**ABOUT THIS EXERCISE**: Reproduce every line of the material below, but drop the pictures.

**DATA SEGMENT**:
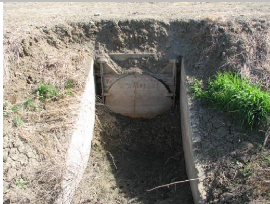
Concrete U shaped headwall and flap gate on WS toe.
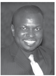
Drexwell Seymour Cable & Wireless Limited, Turks & Caicos
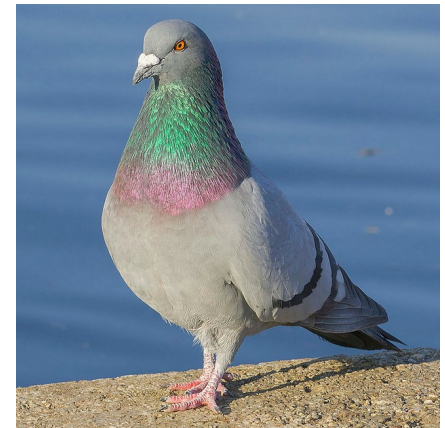
Pigeon ( Columba livia )
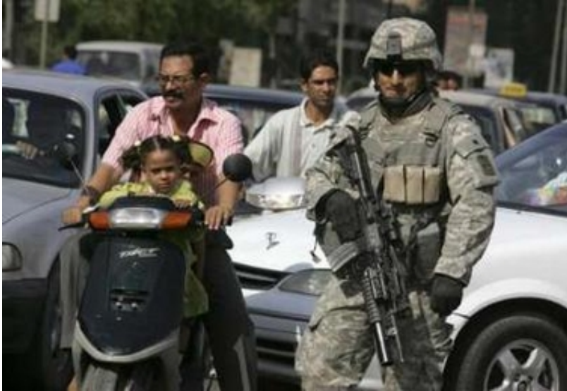
A U.S. soldier at a checkpoint in Baghdad, October 24, 2006. (IRAQ)

**ANSWER SECTION**:
Concrete U shaped headwall and flap gate on WS toe.
Drexwell Seymour Cable & Wireless Limited, Turks & Caicos
Pigeon ( Columba livia )
A U.S. soldier at a checkpoint in Baghdad, October 24, 2006. (IRAQ)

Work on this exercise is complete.